■ EXERCISE ■
Transcribe the records word for word, beginning with the first line and ending with the line that contains "適逢作品問世20週年,官方決"; include nothing else.
/---
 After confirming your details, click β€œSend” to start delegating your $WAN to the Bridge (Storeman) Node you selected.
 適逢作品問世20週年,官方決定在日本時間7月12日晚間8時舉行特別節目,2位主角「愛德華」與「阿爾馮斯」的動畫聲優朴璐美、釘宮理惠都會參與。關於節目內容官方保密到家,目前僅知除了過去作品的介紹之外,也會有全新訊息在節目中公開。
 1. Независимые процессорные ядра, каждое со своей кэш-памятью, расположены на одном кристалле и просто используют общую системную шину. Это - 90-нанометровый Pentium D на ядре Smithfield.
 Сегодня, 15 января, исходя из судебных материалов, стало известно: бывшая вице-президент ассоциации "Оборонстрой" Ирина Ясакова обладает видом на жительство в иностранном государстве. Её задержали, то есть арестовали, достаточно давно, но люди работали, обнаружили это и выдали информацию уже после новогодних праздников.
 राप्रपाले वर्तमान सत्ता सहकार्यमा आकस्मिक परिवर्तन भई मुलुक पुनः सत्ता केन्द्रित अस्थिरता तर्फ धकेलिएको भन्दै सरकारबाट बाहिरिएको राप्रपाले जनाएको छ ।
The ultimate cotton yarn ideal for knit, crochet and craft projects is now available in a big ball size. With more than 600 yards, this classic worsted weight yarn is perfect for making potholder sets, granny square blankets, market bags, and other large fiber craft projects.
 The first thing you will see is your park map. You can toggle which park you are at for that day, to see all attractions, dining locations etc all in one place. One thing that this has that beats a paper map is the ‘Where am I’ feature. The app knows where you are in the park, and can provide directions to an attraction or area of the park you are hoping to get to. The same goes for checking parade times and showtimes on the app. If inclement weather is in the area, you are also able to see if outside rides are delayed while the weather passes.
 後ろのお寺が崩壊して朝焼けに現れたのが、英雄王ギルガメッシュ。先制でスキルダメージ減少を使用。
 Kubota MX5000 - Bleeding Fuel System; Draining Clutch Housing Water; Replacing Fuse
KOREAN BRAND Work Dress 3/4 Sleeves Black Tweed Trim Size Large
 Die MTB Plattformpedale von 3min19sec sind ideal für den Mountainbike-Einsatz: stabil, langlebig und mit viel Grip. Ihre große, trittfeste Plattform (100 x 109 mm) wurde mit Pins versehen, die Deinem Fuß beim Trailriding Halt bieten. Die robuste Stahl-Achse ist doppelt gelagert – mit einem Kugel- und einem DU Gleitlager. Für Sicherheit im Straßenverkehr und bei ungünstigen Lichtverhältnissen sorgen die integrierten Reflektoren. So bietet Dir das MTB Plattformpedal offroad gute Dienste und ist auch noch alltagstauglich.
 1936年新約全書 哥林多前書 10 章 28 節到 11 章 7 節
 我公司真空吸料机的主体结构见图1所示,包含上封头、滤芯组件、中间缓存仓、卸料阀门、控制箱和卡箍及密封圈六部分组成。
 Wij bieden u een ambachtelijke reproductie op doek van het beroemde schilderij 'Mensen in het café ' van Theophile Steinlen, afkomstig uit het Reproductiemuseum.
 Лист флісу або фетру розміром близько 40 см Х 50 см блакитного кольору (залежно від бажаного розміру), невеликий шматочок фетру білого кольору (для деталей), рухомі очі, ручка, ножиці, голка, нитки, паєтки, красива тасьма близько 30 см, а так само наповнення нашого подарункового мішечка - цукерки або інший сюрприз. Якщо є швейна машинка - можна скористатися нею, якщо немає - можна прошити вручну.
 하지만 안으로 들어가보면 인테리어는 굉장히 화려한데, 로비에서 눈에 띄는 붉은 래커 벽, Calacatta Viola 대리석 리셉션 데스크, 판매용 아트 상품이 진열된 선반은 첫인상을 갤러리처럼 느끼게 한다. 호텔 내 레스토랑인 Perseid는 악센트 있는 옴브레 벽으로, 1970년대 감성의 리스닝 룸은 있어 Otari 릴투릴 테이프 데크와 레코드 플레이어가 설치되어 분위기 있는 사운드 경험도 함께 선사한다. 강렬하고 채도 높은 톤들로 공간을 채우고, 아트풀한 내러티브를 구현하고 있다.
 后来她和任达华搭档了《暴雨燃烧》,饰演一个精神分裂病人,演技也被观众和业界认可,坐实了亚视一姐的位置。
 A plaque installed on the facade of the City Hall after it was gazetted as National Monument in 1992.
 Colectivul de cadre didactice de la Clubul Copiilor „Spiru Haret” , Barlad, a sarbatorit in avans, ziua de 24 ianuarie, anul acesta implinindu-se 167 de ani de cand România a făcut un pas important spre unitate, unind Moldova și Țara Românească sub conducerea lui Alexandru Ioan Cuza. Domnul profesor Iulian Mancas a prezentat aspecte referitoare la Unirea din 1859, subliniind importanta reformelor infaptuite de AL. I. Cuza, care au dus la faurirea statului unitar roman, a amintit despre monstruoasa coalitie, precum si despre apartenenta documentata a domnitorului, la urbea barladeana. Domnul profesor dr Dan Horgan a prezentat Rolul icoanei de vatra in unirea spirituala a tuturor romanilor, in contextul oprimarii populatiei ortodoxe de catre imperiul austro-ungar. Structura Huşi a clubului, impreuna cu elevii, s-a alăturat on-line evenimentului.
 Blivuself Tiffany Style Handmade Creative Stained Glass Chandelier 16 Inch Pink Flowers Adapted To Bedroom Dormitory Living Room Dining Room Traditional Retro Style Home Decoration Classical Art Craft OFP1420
\---
■ SOLUTION TO THIS EXERCISE ■
 After confirming your details, click β€œSend” to start delegating your $WAN to the Bridge (Storeman) Node you selected.
 適逢作品問世20週年,官方決定在日本時間7月12日晚間8時舉行特別節目,2位主角「愛德華」與「阿爾馮斯」的動畫聲優朴璐美、釘宮理惠都會參與。關於節目內容官方保密到家,目前僅知除了過去作品的介紹之外,也會有全新訊息在節目中公開。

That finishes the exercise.